[About this task]
The expected output is an exact copy of the lines from the one containing "下午5:30分,峨眉山佛教协" to the final line below, minus any pictures.

============================================================

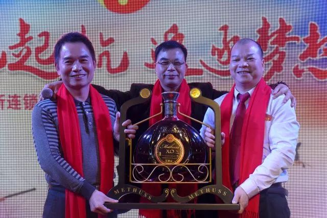 获奖幸运者上台领奖并合影,留住精彩瞬间,本次抽奖活动特等奖为价值超两万元的12斤的密特斯XO限量珍藏版,幸运者是下图这位嘉宾,恭喜他!!!
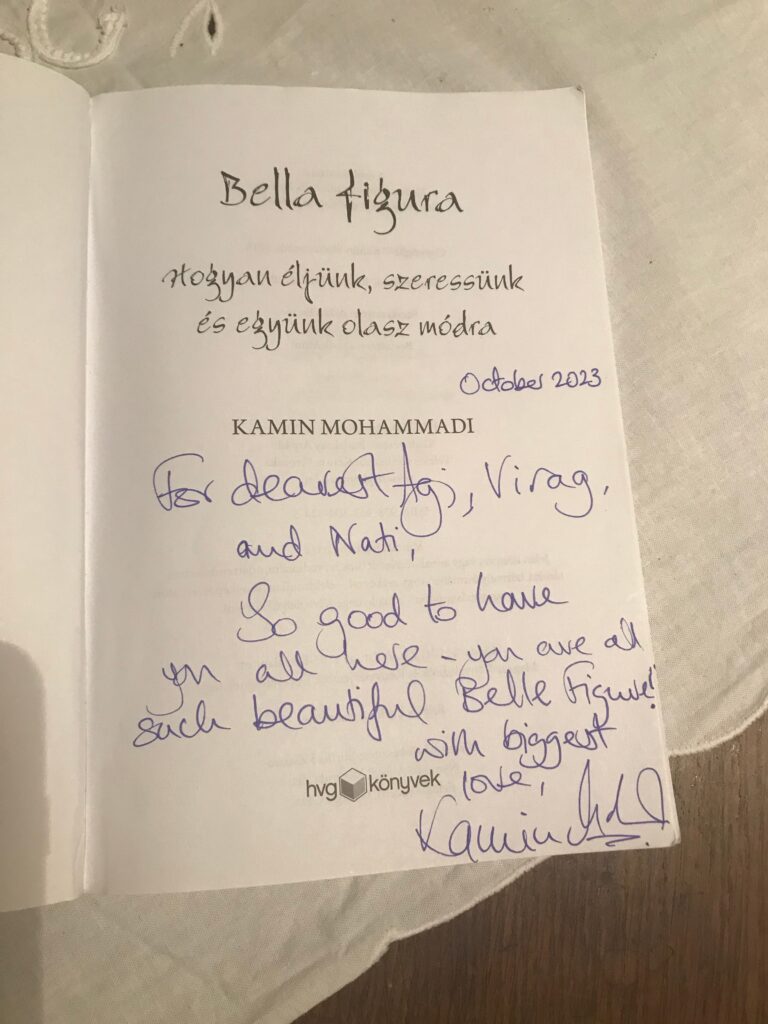 „Van egy szuper klassz könyv, nemrég jött ki. A Bella Figura – olvasd el! Imádni fogod …” – válaszolta Gyöngyi.
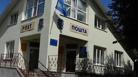 Так в городе Дворична, Харьковской области на здании "Укрпочта" вместо государственного флага вывешен флаг Партии регионов.
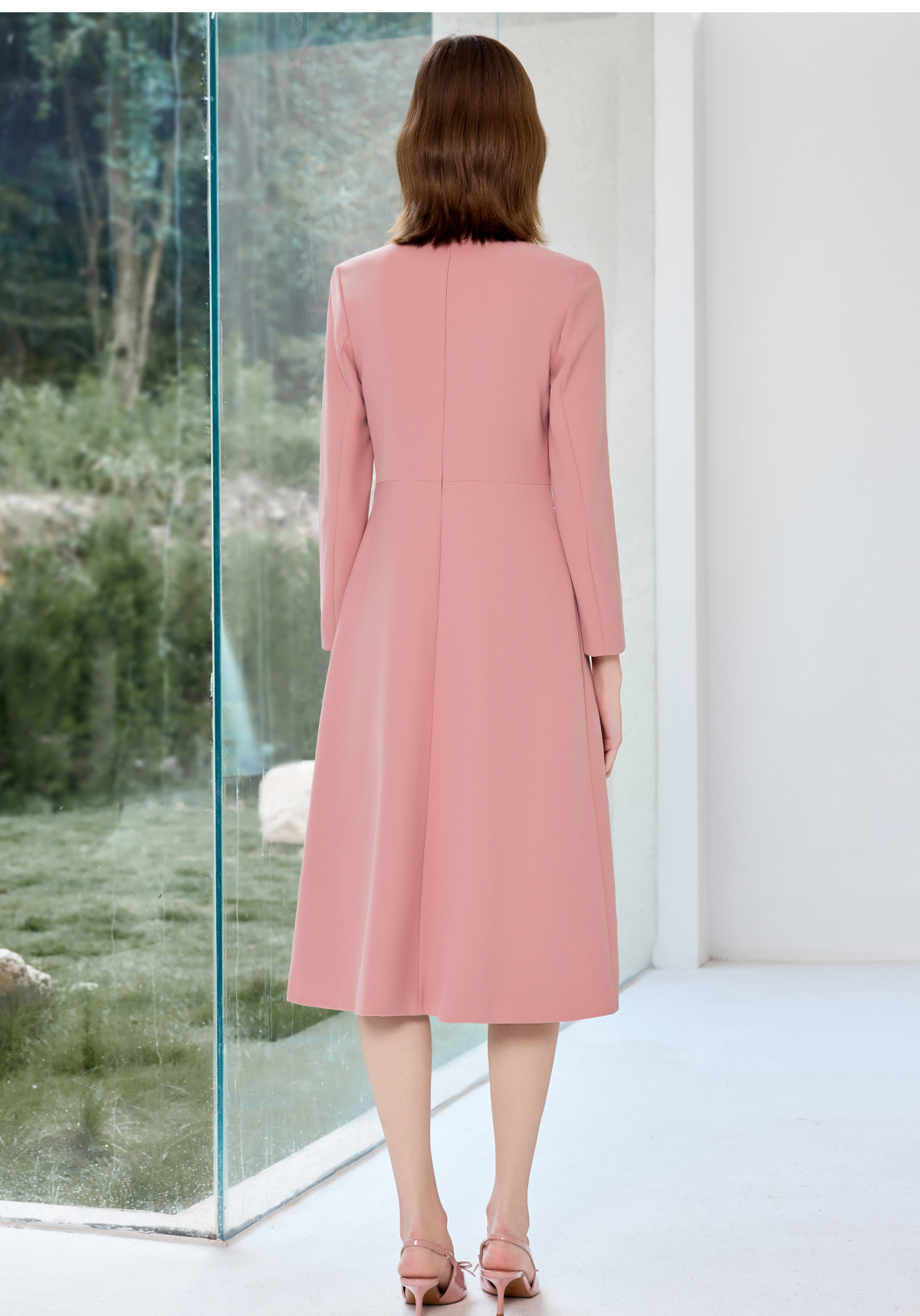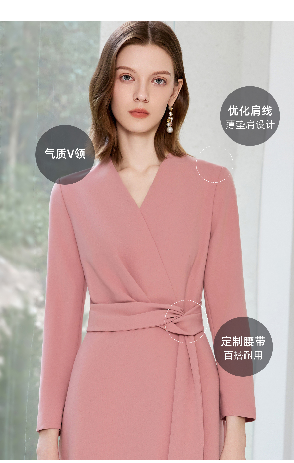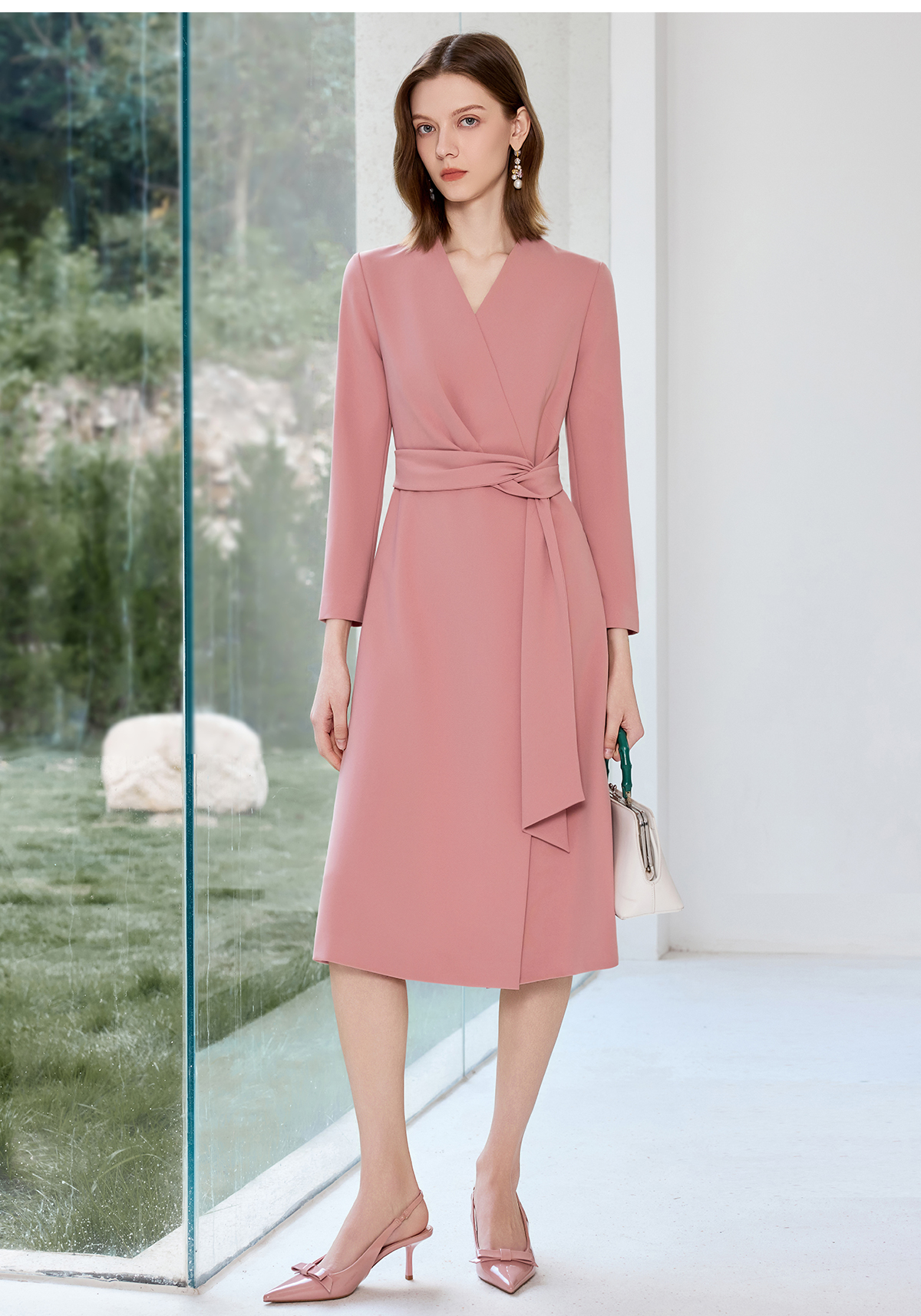 艾尚臣粉色V领收腰连衣裙女秋季新款垂感轻奢女神范通勤系带长裙
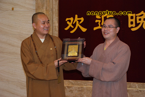 下午5:30分,峨眉山佛教协会会长、报国寺方丈永寿大和尚在峨眉山酒店宴请了参学团一行。界象法师向永寿大和尚能在百忙中抽空接待参学团表示了感谢。并向大和尚赠送了厦门漆线雕——太虚大师像和闽南特产铁观音,永寿大和尚也代表峨眉山佛协和报国寺向参学团赠送了蜀绣——普贤菩萨像和古版制本的峨眉山图志。
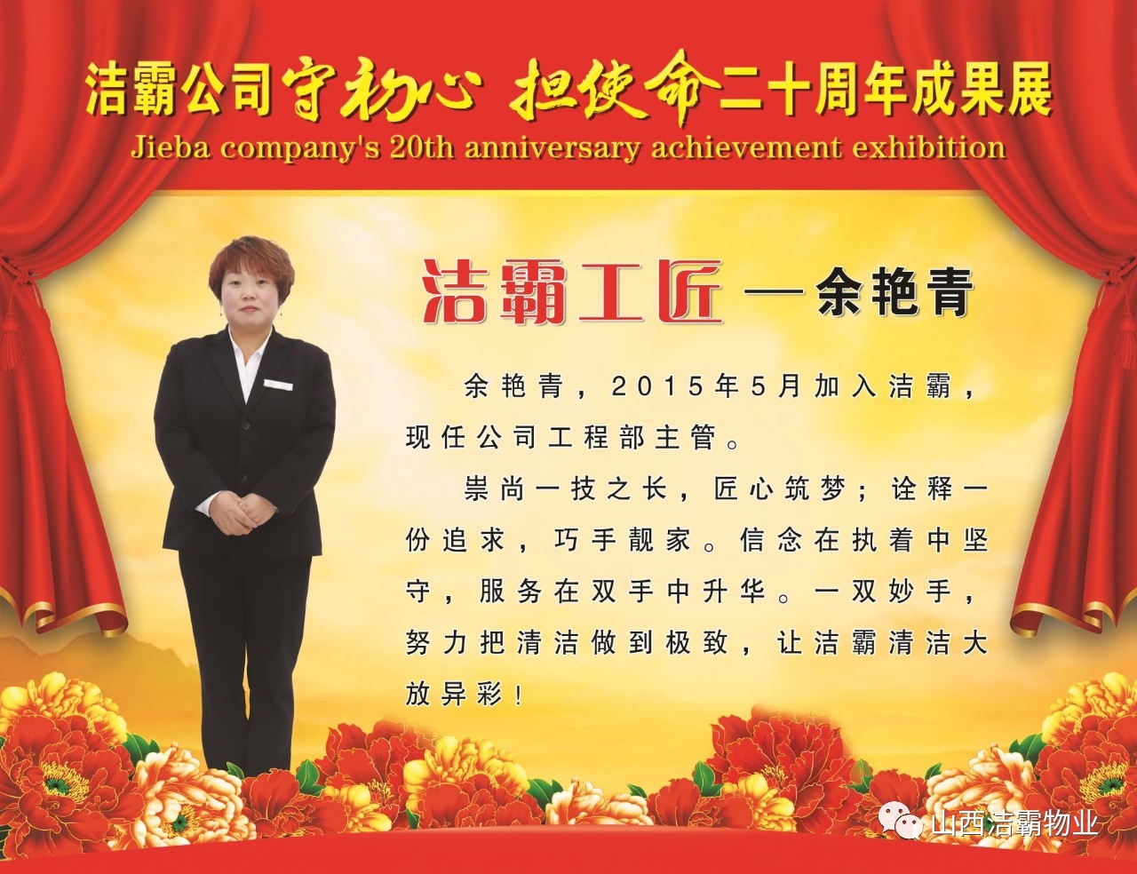 本次晚會以“潔霸二十華彰,感恩共創(chuàng)輝煌”為主題,此次慶典的核心思想是“感恩”,主要角色是潔霸的創(chuàng)業(yè)者。為此,公司對入職潔霸的創(chuàng)業(yè)功勛和一線員工進行了表彰獎勵。本次晚會共設(shè)8個獎項,包括“潔霸先鋒”“奉獻之星”“管理之星”“潔霸管家”“潔霸工匠”“清潔之星”“潔霸衛(wèi)士”“園藝之星”等。他們是:李山虎、張永智、史志霞、陳福林、王紅軍、余艷青、劉二丑、成艷粉、楊改梅、王書玲、張國榮、耿竹青、張粉霞、宋秋苗、陳先梅、張晉平、張偉山、趙瑞軍、王廣平、郭志云。晉城市原副市長成育廷、晉城市商務(wù)局原局長王新善、晉城市非公和社會組織工委書記郎軍芳、晉城市婦聯(lián)三級調(diào)研員李蓮菊、晉城市總工會商貿(mào)輕紡煙草服務(wù)業(yè)工會主席張玉濤、晉城市城區(qū)財政局局長翟明太等領(lǐng)導為他們頒獎。

============================================================

[Answer area]
 下午5:30分,峨眉山佛教协会会长、报国寺方丈永寿大和尚在峨眉山酒店宴请了参学团一行。界象法师向永寿大和尚能在百忙中抽空接待参学团表示了感谢。并向大和尚赠送了厦门漆线雕——太虚大师像和闽南特产铁观音,永寿大和尚也代表峨眉山佛协和报国寺向参学团赠送了蜀绣——普贤菩萨像和古版制本的峨眉山图志。
 本次晚會以“潔霸二十華彰,感恩共創(chuàng)輝煌”為主題,此次慶典的核心思想是“感恩”,主要角色是潔霸的創(chuàng)業(yè)者。為此,公司對入職潔霸的創(chuàng)業(yè)功勛和一線員工進行了表彰獎勵。本次晚會共設(shè)8個獎項,包括“潔霸先鋒”“奉獻之星”“管理之星”“潔霸管家”“潔霸工匠”“清潔之星”“潔霸衛(wèi)士”“園藝之星”等。他們是:李山虎、張永智、史志霞、陳福林、王紅軍、余艷青、劉二丑、成艷粉、楊改梅、王書玲、張國榮、耿竹青、張粉霞、宋秋苗、陳先梅、張晉平、張偉山、趙瑞軍、王廣平、郭志云。晉城市原副市長成育廷、晉城市商務(wù)局原局長王新善、晉城市非公和社會組織工委書記郎軍芳、晉城市婦聯(lián)三級調(diào)研員李蓮菊、晉城市總工會商貿(mào)輕紡煙草服務(wù)業(yè)工會主席張玉濤、晉城市城區(qū)財政局局長翟明太等領(lǐng)導為他們頒獎。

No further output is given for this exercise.